[Source material]:
------------------------------------
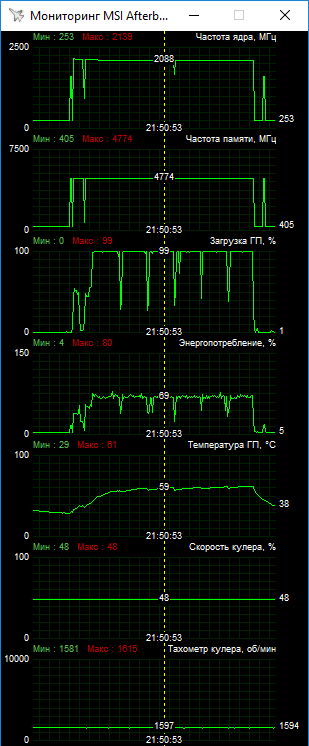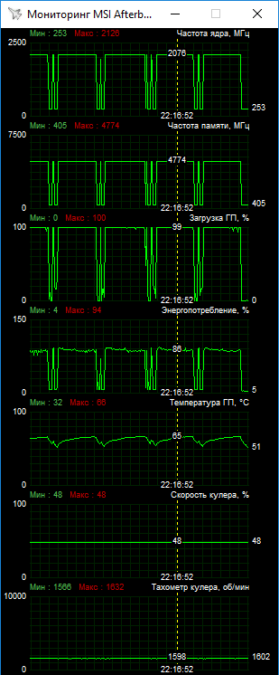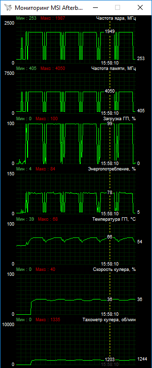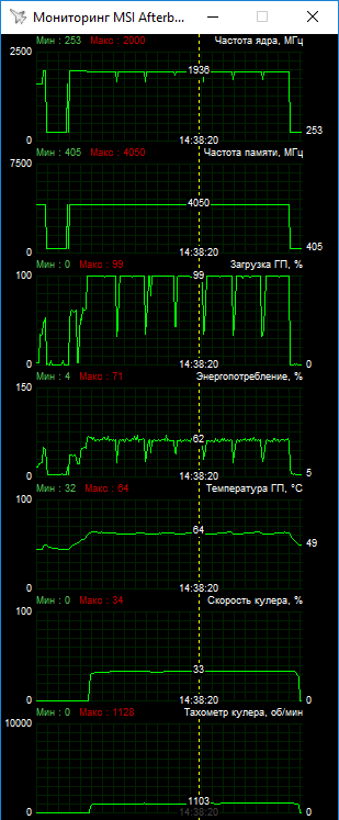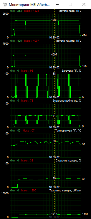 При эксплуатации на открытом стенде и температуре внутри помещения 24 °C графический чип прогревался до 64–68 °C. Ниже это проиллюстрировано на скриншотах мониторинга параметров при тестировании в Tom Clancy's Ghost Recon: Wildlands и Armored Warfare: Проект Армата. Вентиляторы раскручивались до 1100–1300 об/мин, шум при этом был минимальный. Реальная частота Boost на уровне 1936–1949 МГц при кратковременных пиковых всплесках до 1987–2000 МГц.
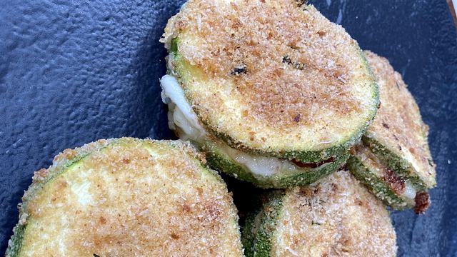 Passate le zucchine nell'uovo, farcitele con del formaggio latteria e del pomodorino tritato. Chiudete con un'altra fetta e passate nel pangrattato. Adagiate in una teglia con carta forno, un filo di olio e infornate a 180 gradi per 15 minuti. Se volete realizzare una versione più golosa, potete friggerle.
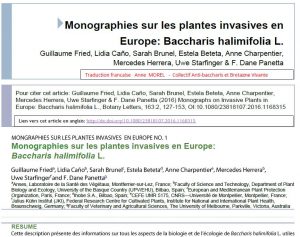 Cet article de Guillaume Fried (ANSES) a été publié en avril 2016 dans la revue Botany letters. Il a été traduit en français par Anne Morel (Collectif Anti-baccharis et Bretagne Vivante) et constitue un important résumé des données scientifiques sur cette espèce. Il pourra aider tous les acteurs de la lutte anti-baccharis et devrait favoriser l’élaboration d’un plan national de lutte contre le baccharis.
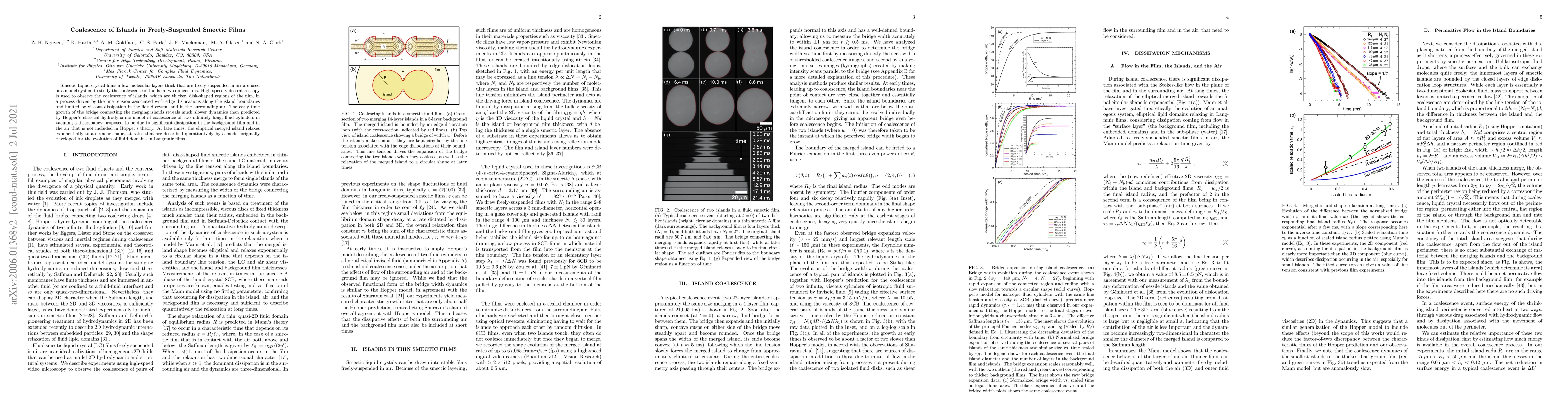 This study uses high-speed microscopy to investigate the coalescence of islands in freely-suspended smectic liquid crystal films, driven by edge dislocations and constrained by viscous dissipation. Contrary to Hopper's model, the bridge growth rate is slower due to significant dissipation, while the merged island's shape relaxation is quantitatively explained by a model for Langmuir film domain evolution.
------------------------------------
Restate all the material verbatim; omit every picture.

[Task response]:
 При эксплуатации на открытом стенде и температуре внутри помещения 24 °C графический чип прогревался до 64–68 °C. Ниже это проиллюстрировано на скриншотах мониторинга параметров при тестировании в Tom Clancy's Ghost Recon: Wildlands и Armored Warfare: Проект Армата. Вентиляторы раскручивались до 1100–1300 об/мин, шум при этом был минимальный. Реальная частота Boost на уровне 1936–1949 МГц при кратковременных пиковых всплесках до 1987–2000 МГц.
 Passate le zucchine nell'uovo, farcitele con del formaggio latteria e del pomodorino tritato. Chiudete con un'altra fetta e passate nel pangrattato. Adagiate in una teglia con carta forno, un filo di olio e infornate a 180 gradi per 15 minuti. Se volete realizzare una versione più golosa, potete friggerle.
 Cet article de Guillaume Fried (ANSES) a été publié en avril 2016 dans la revue Botany letters. Il a été traduit en français par Anne Morel (Collectif Anti-baccharis et Bretagne Vivante) et constitue un important résumé des données scientifiques sur cette espèce. Il pourra aider tous les acteurs de la lutte anti-baccharis et devrait favoriser l’élaboration d’un plan national de lutte contre le baccharis.
 This study uses high-speed microscopy to investigate the coalescence of islands in freely-suspended smectic liquid crystal films, driven by edge dislocations and constrained by viscous dissipation. Contrary to Hopper's model, the bridge growth rate is slower due to significant dissipation, while the merged island's shape relaxation is quantitatively explained by a model for Langmuir film domain evolution.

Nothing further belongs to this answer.